For all 25 sites the cultivars used in both models (AgriClim and Sirius) represent winter wheat which is typically sown in the UK between September and November; in this study we used a typical sowing date of 20th October for the baseline and future climate scenarios, consistent with Semenov and Stratonovitch (2015) and Senapati et al. (2019a).

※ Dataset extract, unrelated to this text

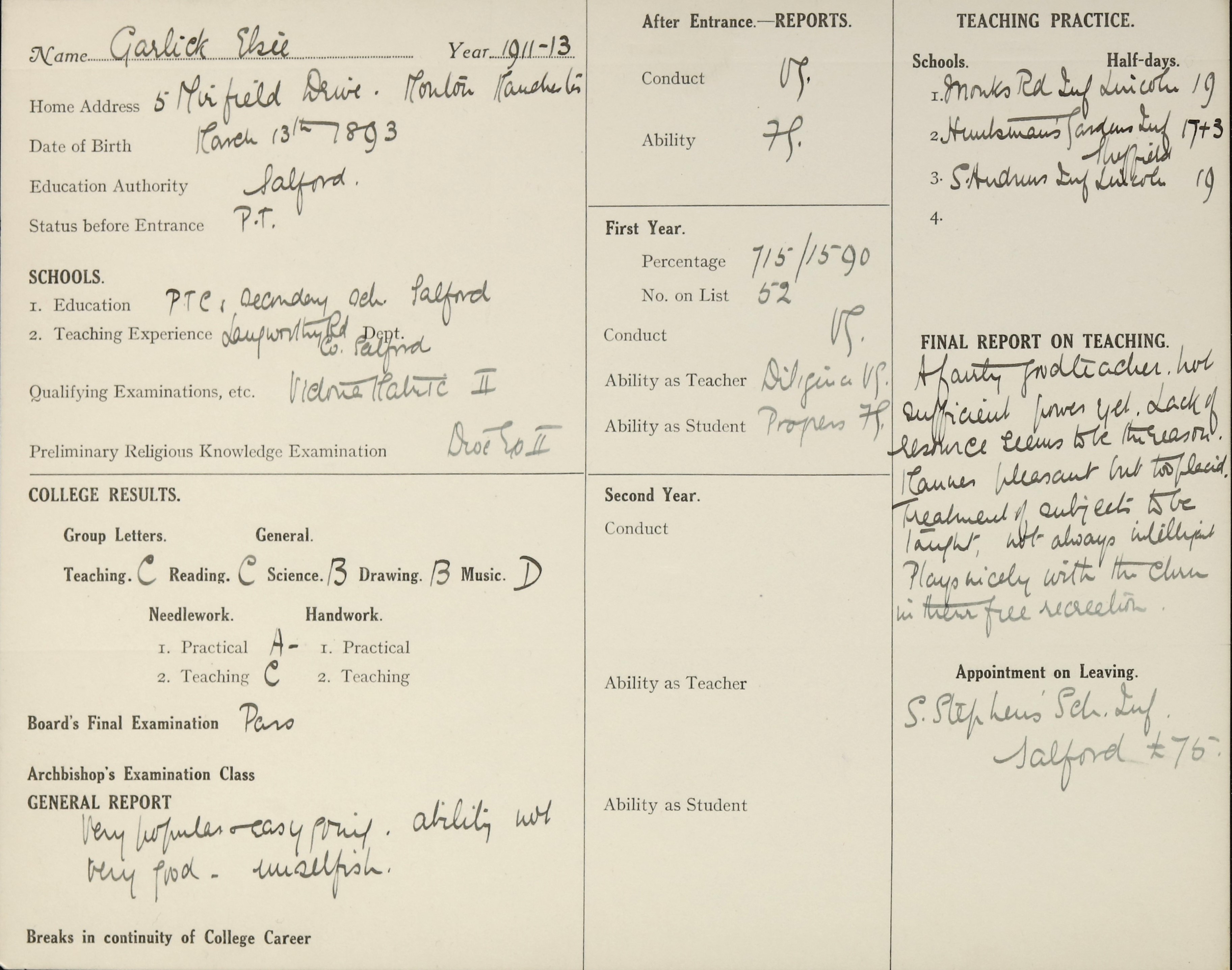 She is at 43 Trafford Road, Eccles & Barton. Her father is listed as ‘Carpet Salesman’. Elsie, her mother, her brother, Harold, and her aunt, Ellen G Garlick (b. 1881), are unlisted.

We examine the probability and severity of adverse weather conditions for the baseline and future climate scenarios using the median result from all 16 GCMs, as well as, analysing the range of results across the 16 GCMs to provide an indication of uncertainty. Box plot results are presented for 10 of the 25 sites, providing coverage of the UK wheat growing area (Fig. 1). Maps are produced by interpolating the impact indices from all 25 stations using the inverse distance weighted (IDW) method. IDW is a fast and commonly applied interpolation technique (Lu and Wong, 2008) previously used for interpolation of climatic data and found to perform well at modelling temperature and precipitation (Hadi and Tombul, 2018; Li et al., 2011). Results for the 2090 climate are included in supplementary material.

3. Results

3.1. Future UK climate

CMIP5 future climate projections generally reflect a trend towards hotter and drier summers and warmer wetter winters for the UK, consistent with the UKCP18 probabilistic climate projections (Lowe et al., 2018). 2050 climate projections from the 16 GCMs analysed predicted an annual average temperature increase from the baseline between 0.4 and 2.5 °C for RCP4.5, and between 0.2 and 3.0 °C for RCP8.5 for all 25 sites in the UK, with greater warming in the summer months (Supplementary Fig. 1). In 2050 sites EH and HX in the far south east of England showed the greatest rise in annual average temperatures (up to 3.0 °C under RCP8.5; Supplementary Table 3). Climate projections for rainfall showed variability throughout the year; the early part of the year (January to April) is predicted to be wetter, whereas summer and early autumn (June to October) is predicted to be drier (Supplementary Fig. 2). The decrease in precipitation during the summer was greatest at sites RR and HX in the South East of England (~20% decrease under RCP8.5), while sites in the North showed the smallest decrease, using the median of GCMs (Supplementary Fig. 2; Supplementary Table 4). Climate projections in 2050 showed a wide range in monthly rainfall predictions across all 16 GCMs, with winter rainfall increasing up to ~40% and decreasing as much as 10% and summer rainfall increasing or decreasing up to ~30% (RCP8.5; Supplementary Table 4).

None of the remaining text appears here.